# Aftermarket Companies making parts for the Cruze



## Cruzer (Oct 18, 2010)

Figured we could start some sort of a list of companies making aftermarket parts for the Cruze. Doesn't have to be official and no need for links but a list I think would be a good idea.


----------



## cruze-control (Jul 23, 2010)

thats definitely a good idea. ill see what i can find. so far i know vis racing makes a carbon fibre hood and trunk for the cruze.


----------



## MikeyCruze (Oct 28, 2010)

In for later.


----------



## cruze-control (Jul 23, 2010)

btw i found a lot of aftermarket cruze parts on ebay. if theres anything you guys are looking for specifically id suggest trying ebay and see if they might have it there.


----------



## ChevyPower (Nov 9, 2010)

I bet this cruze carbon fiber hood will look sick. from VIS racing it's nearly $700!


----------



## regnant (Nov 25, 2010)

I got a few items off ebay including chrome stuffs and chevrolet logo caps


----------



## justmike (Dec 6, 2010)

I was in a shop today to check out rims. They told me to wait until February because none of the suppliers up here have rims for the Cruze yet. I can't wait for spring to put on a new set of wheels. Whats so cool is that the car will look good in just about anything! lol


----------



## shawn672 (Oct 31, 2010)

ChevyPower said:


> I bet this cruze carbon fiber hood will look sick. from VIS racing it's nearly $700!

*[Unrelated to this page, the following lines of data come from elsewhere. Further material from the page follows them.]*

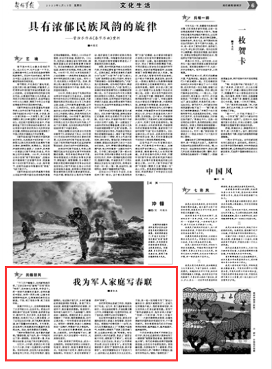 社区领导知道我会书法,请我为军属和退役军人家庭义务写春联,我欣然答应。根据每户的情况我一一去写,先为几位军属家庭送上了“军属院中盈瑞气,光荣牌上满春风”“保家卫国英雄门第,立业建功幸福人家”等春联。有位退役军人刚乔迁新居,我送上“喜居宝地千年旺,福照家门万事兴”。有位退役军人正自己创业,我送上“从军勇做昂头虎,创业甘当俯首牛”。有位军属喜添贵子,我写了“春到风光美,家兴喜事多”。有位军属要贴在乡下老家大门上,说村里人还是喜欢方方正正的字。于是,我一笔一划用楷书写了“家过小康欢乐日,春回大地艳阳天”。还有几位军属是外地人,想把春联寄回家,向父母和亲人们表达新春祝愿。我写下“春风送暖家业兴,兔年吉祥人安康”“和顺一门添百福,平安二字值千金”……大家手捧鲜艳的春联,念着充满新年祈望和美好祝福的字句,个个喜笑颜开。我仿佛看到他们的日子如红艳艳的春联,越来越红火,越来越喜庆,越来越祥和。
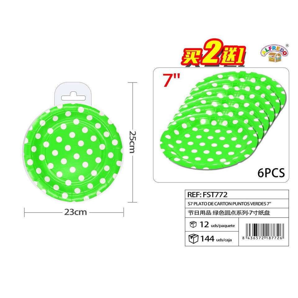 S7 Green Dots 7\" Set of 6 Paper Plates Party Supplies and Bowls
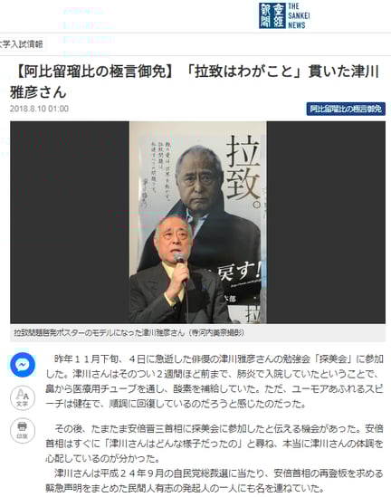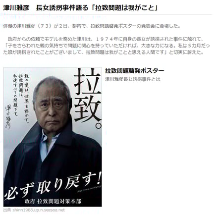 一言も北朝鮮による日本人拉致に触れないとは、さすが日頃から特定アジア(中国と南北朝鮮)に忖度している新聞だけのことはありますね。都内各所に貼られていた「津川雅彦氏の拉致問題の啓蒙ポスター」も、北の将軍様のご威光で目に入らなかったのでしょう。
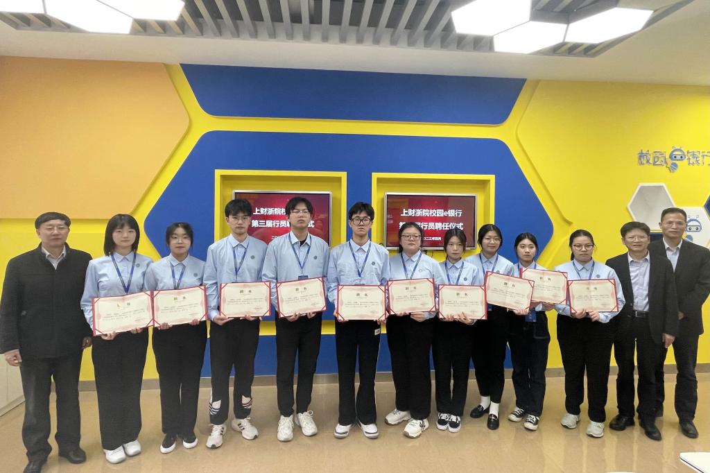 4月13日中午,学院举行了上财浙院校园e银行第三届行员聘任仪式。学院副院长邱风,实践教学中心、校企合作处主任朱艳及相关人员,中国建设银行金华分行副行长卢根喜和营业部副总经理朱益铨,校园e银行第三届行员参加了本次聘任仪式。仪式由朱艳主持。
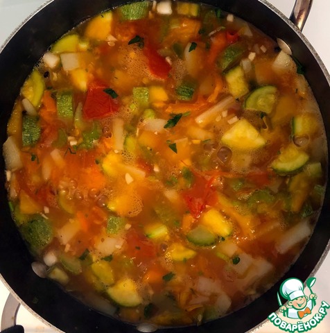 11. Продолжаем варить овощи еще 10 минут, добавив сельдерей, кориандр, тимьян, орегано, имбирь, часть зелени и чеснока. Все хорошо перемешиваем и добавляем соль по вкусу. -
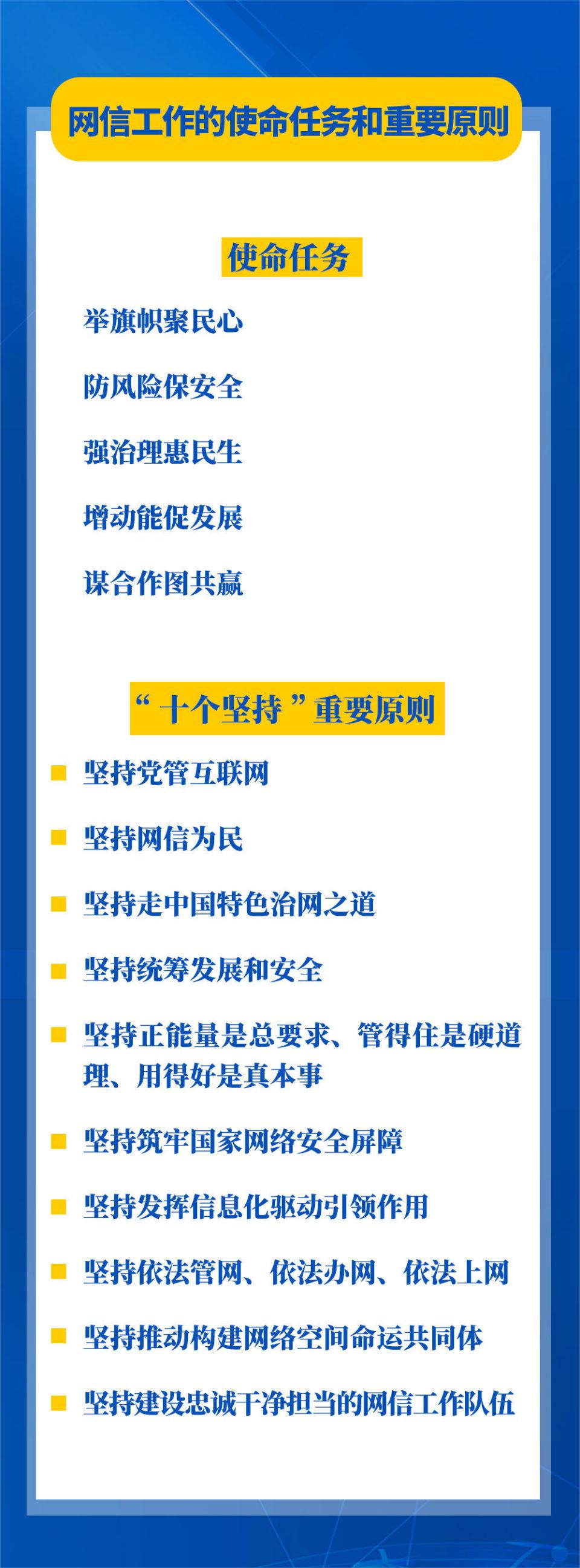 習(xí)近平總書記鮮明提出的網(wǎng)信工作“5個方面、30個字”的使命任務(wù),涵蓋互聯(lián)網(wǎng)內(nèi)容建設(shè)、網(wǎng)絡(luò)安全、網(wǎng)絡(luò)惠民、信息化建設(shè)、國際網(wǎng)絡(luò)空間治理等,“十個堅持”重要原則進(jìn)一步豐富和發(fā)展了習(xí)近平總書記關(guān)于網(wǎng)絡(luò)強(qiáng)國的重要思想,把黨對網(wǎng)信工作的規(guī)律性認(rèn)識提升到全新高度??倳浱岢龅氖姑蝿?wù)和重要原則,具有很強(qiáng)的政治性、戰(zhàn)略性、指導(dǎo)性,既著眼當(dāng)前,又謀深慮遠(yuǎn),為做好新時代新征程網(wǎng)信工作指明了前進(jìn)方向,為推進(jìn)實現(xiàn)網(wǎng)絡(luò)強(qiáng)國提供了根本遵循。
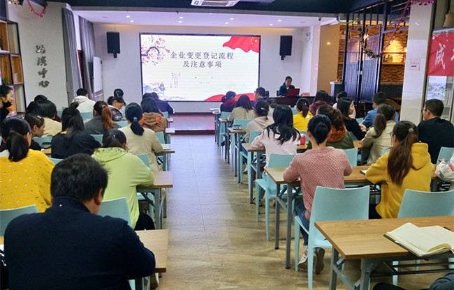 10月23日,由受理中心汪蕓主講的“企業(yè)變更登記流程及注意事項”專題PPT分享在一樓眾創(chuàng)空間舉行,園區(qū)企業(yè)負責人和中心財稅服務人員40余人參與此次分享。
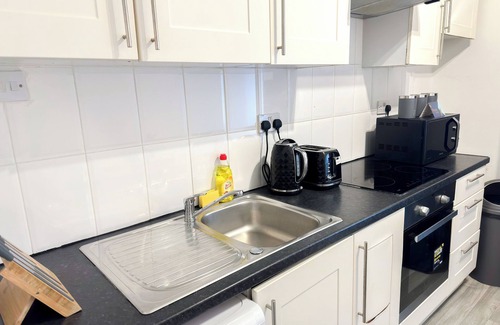This ground-floor flat offers easy accessibility for all guests, featuring a single-level layout. There are several free parking spaces available on the premises. Step into a spacious, fully fenced private garden from the living room, complete with dining furniture for your enjoyment. The flat includes a fully equipped kitchen and a dining table that seats four. Unwind in the living room while watching Netflix on the Smart TV.

$660 is less than the VIS Cobalt CF hood (it was over $800)


----------



## Jed09 (Oct 27, 2010)

Anyone getting a spoiler? Or have spoilers for your CRUZE? What brand would you recommend to a fellow owner?

Thanks.


----------



## regnant (Nov 25, 2010)

Yup, mine came with the body kit . 
I had bought a spoiler for our SUV years ago off Custom Car Rear Wings & SUV Spoilers, Discount Auto Body Kits, Fiber Hoods, Truck Accessories & Ground Effects, Buy Automobile Parts Online , check them out if they make a one for Cruze or you can also check out ebay


----------



## Jed09 (Oct 27, 2010)

Found some in sportslinkup:

Chevrolet cruze : Sports Linkup Shop : Chevrolet cruze

Still no Vent Visors... Anyone know a site?

Thanks!


----------



## 70AARCUDA (Nov 14, 2010)

...thanks, they DO list the Cruze already: 2011-on Chevy Cruze Spoilers - Drive in Style & Save - Spoilerdepot.com

...and, they're _pre_-painted in factory colors.


----------



## LARRY01Z28 (Dec 4, 2010)

ZZP Perfromance is doing alot of dyno time and R&D right now for the cruse. they are making down pipes, cai, and even a few more parts. and even tuning. 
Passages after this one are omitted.